As Milling concludes, this appears to show that about 25% of the effectiveness of traditional pain-reduction hypnotherapy is due to expectation.  Expectation is an important factor but there may be one or two other factors involved which contribute more to the response, e.g., attention, motivation, imagination, or a trait of hypnotisability, etc.  By comparison, expectation contributed more substantially to the placebo effect, but still less than fifty percent, supporting the view that a cluster of factors contribute to the placebo response and it is not simply reducible to expectation alone, although this may turn out to be the single most important manageable factor involved.  Motivation, role-perception, attention, and other factors may be involved in the placebo response as well and Milling also points to the Pavlovian theory of classical conditioning which has been cited as providing another mechanism by which placebos (and hypnotism) may function.  For instance, a person who has previously received a real medication and experienced its effects may be more likely to respond to a similar-looking placebo because it acts as a reminder (conditioned stimulus) for the associated sense of pain relief (a conditioned response) – independently of the effect of expectation.  So previous experience of a real drug combined with high levels of expectation would probably produce a strong placebo response.  Likewise, tapping into remembered sensations (“sensory recall”) may combine well with expectation in eliciting certain hypnotic responses.

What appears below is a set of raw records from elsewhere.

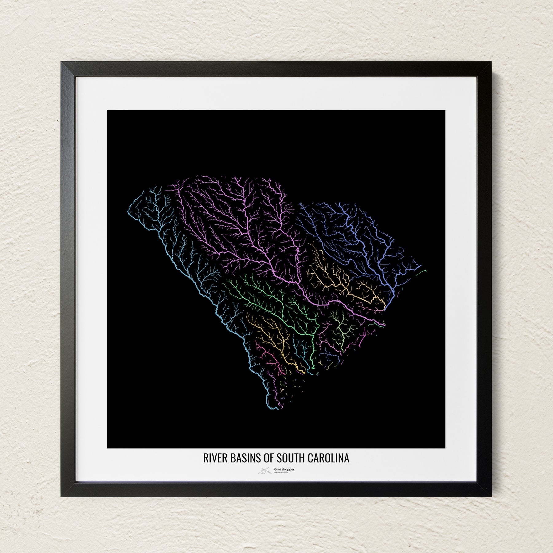 Carolina del Sur - Mapa de la cuenca del río, colores pastel - Arte mural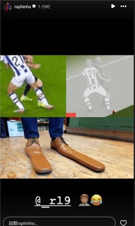 一次争议吹罚断送了巴萨七连胜,赛后拉菲尼亚在社交媒体为莱万p上60码长的大鞋更是让这份黑色幽默达到高潮。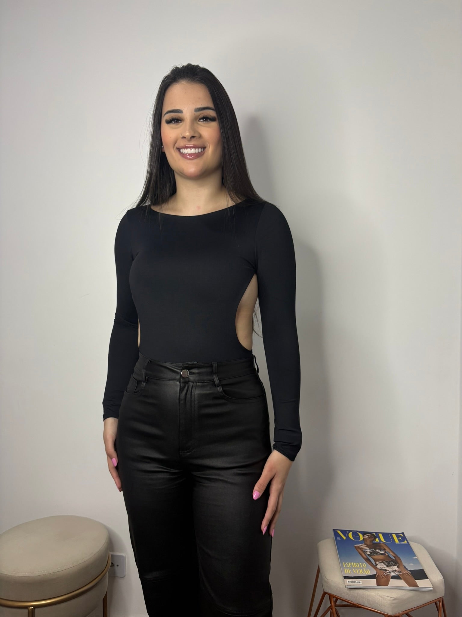 O Body Romana é a escolha perfeita para quem quer unir sofisticação e ousadia. Com mangas longas que trazem um toque refinado e um decote aberto nas costas, ele valoriza a silhueta de forma elegante e moderna.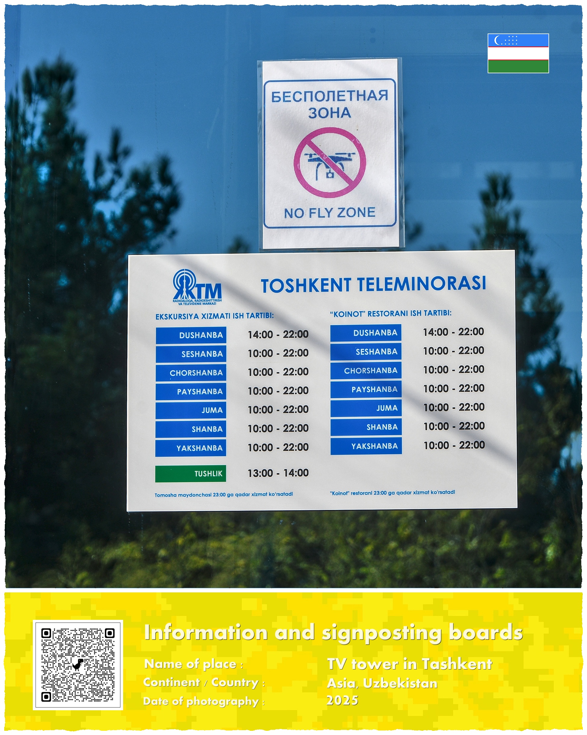 Choć zwiedzając wieżę telewizyjną w Taszkencie nie miałem wysokich oczekiwań, to i tak się zawiodłem – głównie ze względu na przeciętny widok roztaczający się z tarasów. Na usprawiedliwienie napiszę, że byłem już w kilku tego typu obiektach podczas moich podróży po świecie, i nigdzie mi się nie podobało – włącznie z tarasami w wieżowcu Tajpej 101 (509 metrów wysokości, ultranowoczesny budynek na Tajwanie). Tego typu atrakcje nie imponują mi, bo przecież takie same (lub dużo lepsze!) widoki mamy w samolotach czy w górach.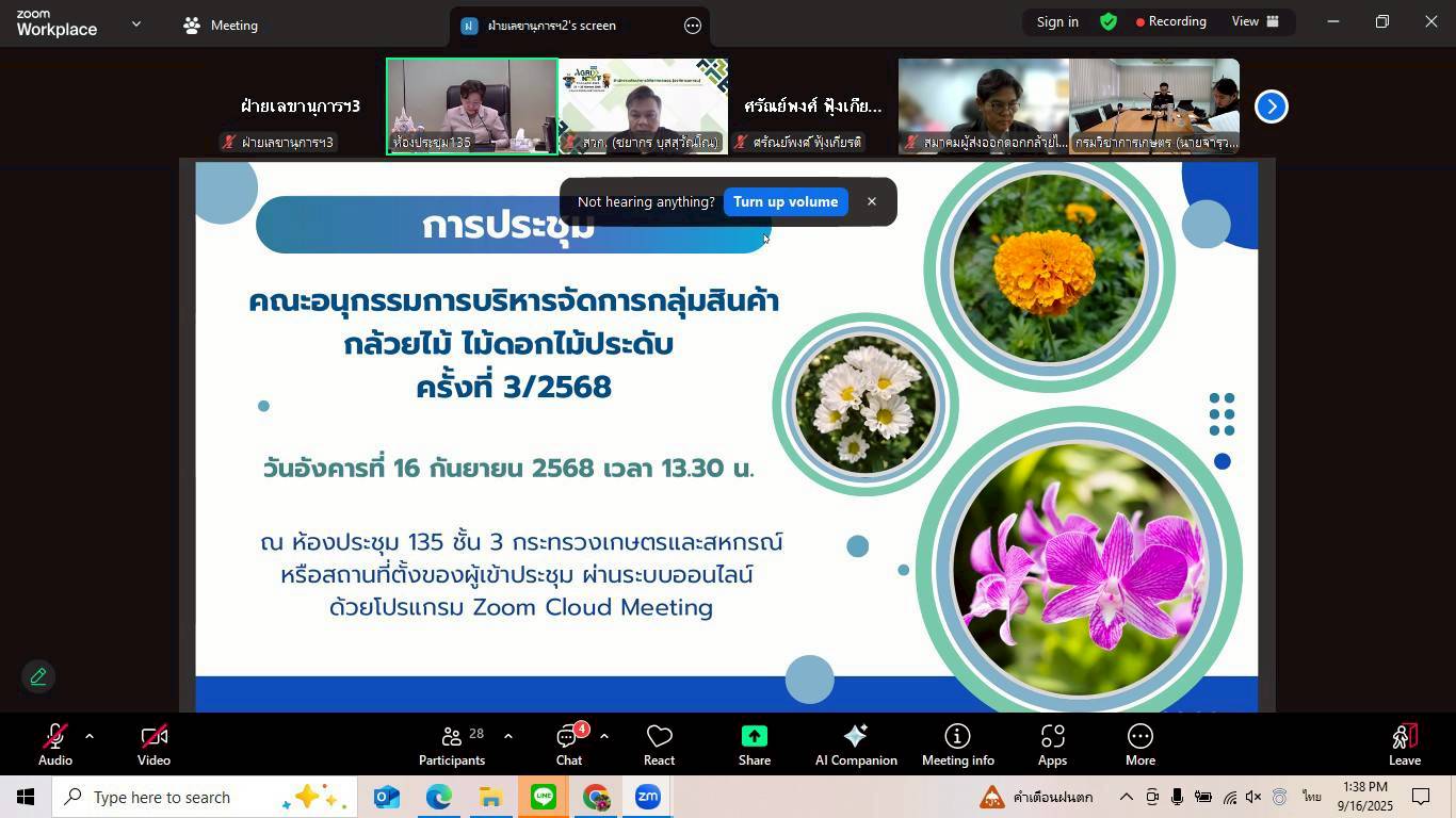 วันอังคารที่ 16 กันยายน 2568 เวลา 13.30 น. นายวีรศักดิ์ บุญเชิญ รองอธิบดีกรมส่งเสริมการเกษตร มอบหมายให้นายวุฒิชัย ชิณวงศ์ ผู้อำนวยการสำนักส่งเสริมและจัดการสินค้าเกษตร พร้อมด้วยนางสาวมารศรี วงศ์อนันทรัพย์ ผู้อำนวยการกลุ่มส่งเสริมไม้ดอกและไม้ประดับ และเจ้าหน้าที่กลุ่มส่งเสริมไม้ดอกและไม้ประดับ ดำเนินการจัดประชุมคณะอนุกรรมการบริหารจัดการกลุ่มสินค้ากล้วยไม้ ไม้ดอกไม้ประดับ ครั้งที่ 3/2568 ณ ห้องประชุม 135 กระทรวงเกษตรและสหกรณ์ และการประชุมผ่านระบบออนไลน์ Zoom Could Meeting โดยมี นางสาวภัทราภรณ์ โสเจยยะ รองปลัดกระทรวงเกษตรและสหกรณ์ เป็นประธานการประชุม พร้อมด้วยคณะอนุกรรมการจากหน่วยงานต่าง ๆ รวมถึงภาคเอกชน สหกรณ์ และสมาคมที่เกี่ยวข้องกับกลุ่มสินค้ากล้วยไม้ ไม้ดอกไม้ประดับ ที่ประชุมมีมติมอบหมายให้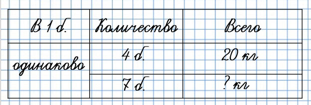1) 20 : 4 = 5 (кг) - в одной банке.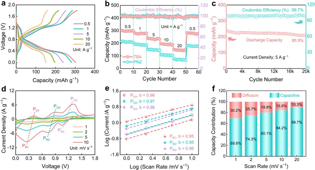 电化学研究表明:TBA用于水系锌-有机电池正极材料时,表现出高比容量(302 mAh g−1@0.5 A g−1)、高倍率性能(151 mAh g−1@20 A g−1)和长循环寿命(20,000次充放电后容量保持率为85.9%)。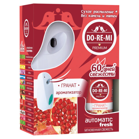 Автоматический диспенсер с освежителем воздуха DO-RE-MI "Гранат" подарит вашему дому комфорт, уют и свежесть граната. Автоматический диспенсер + 2 батарейки. Действует до 60 дней при интервале распыления 30 минут. Применять при температуре не ниже +10 °С.Способ применения. • Замена баллона: переведите переключатель в положение OFF, извлеките пустой баллон из устройства согласно инструкции по эксплуатации. Вставьте сменный баллон носиком наружу. Не направляйте в лицо при включении или установке интервала распыления. • Переведите переключатель в положение ON, выбрав желаемый интервал распыления. Первое распыление начнется автоматически через несколько секунд. Универсальный сменный аэрозольный баллон можно использовать без автоматического устройства, как обычный аэрозольный освежитель воздуха.Состав: углеводородный пропеллент (бутан/ пропан/изобутан смесь) не менее 30%, спирт этиловый денатурированный не менее 30%, пропиленгликоль 5-15%, отдушка 5–15%, аллергены: гексилциннамаль, бензилсалицилат, линалоол, гидроксизогексил 3-циклогексен карбоксальдегид, лимонен, альфа-изометилионон, цитронеллол, линалоол.ТУ 20.41.41-119-00204292-2017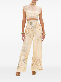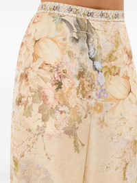 wide-leg trousers Highlights - Beige - Elasticated waistband - Two side slit pockets - All-over floral print Imported Composition Viscose 65%, Silk 35%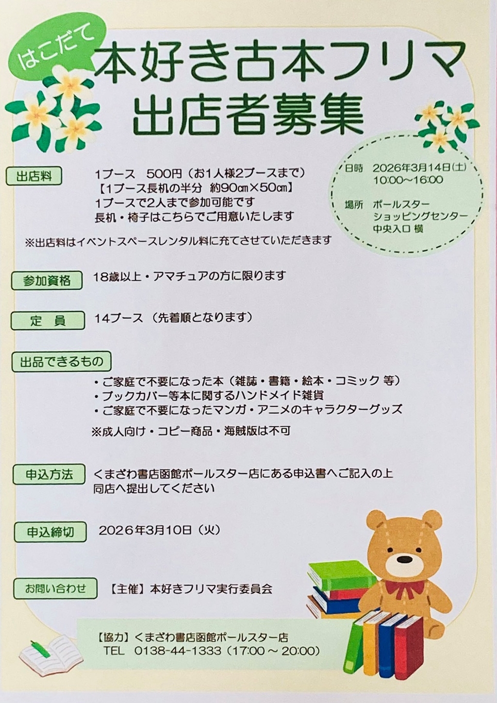 本が好きな一般の人が不要な本などを持ち寄り、販売するイベント。出店申し込み締め切りは3月10日(火)。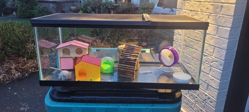 Slightly used glass hamster cage. Twenty gallon, flexible wood bridge, Hay tunnel, glass food and water bowl, Hamster wheel. Bathe station

As expectation is a “cognitive” factor, these findings can be interpreted as supporting the view that the effect of hypnotherapy for pain reduction is “cognitively-mediated” in a manner overlapping with CBT interventions, which also stress the role of cognition in shaping the perception of pain.  In other words, although superficially different, hypnotherapy and CBT probably work, to some extent, in a similar manner, at least to some extent. 

As Milling points out, the usual cautions apply insofar as this was experimental pain induced with college students, etc., and therefore only provides an analogy (indirect evidence) for the mechanisms underlying pain relief among genuine therapy clients with genuine medical problems.  (Although, I think most researchers would consider it likely similar factors operate in the clinical setting as well.)

“In sum, this study substantiates that response expectancies are an important mechanism of hypnotic, imaginative and placebo analgesia.  The findings corroborated the view that the effect of hypnosis on pain is partially mediated by response expectancies.  The results also showed that the effect of a placebo on pain was largely, but not completely, mediated by response expectancies.  […] Thus, although the results of this study do not suggest that response expectancies are the final common pathway [as Kirsch has suggested] to pain relief, they do indicate that response expectancies are one of the major psychological mechanisms of suggested and placebo analgesia.”

So, as other studies have shown, the traditional hypnotic induction is probably not essential to hypnotic pain reduction, and client expectation is probably one of the most important factors which we should make use of.  Moreover, Barber, Spanos, Kirsch, and other cognitive-behavioural researchers have already discussed in some detail the possible means by which factors such as expectation may be systematically enhanced in hypnotherapy through methods tested in experimental settings such as role-modelling, manipulation of activating sensations, task-motivational instructions, etc.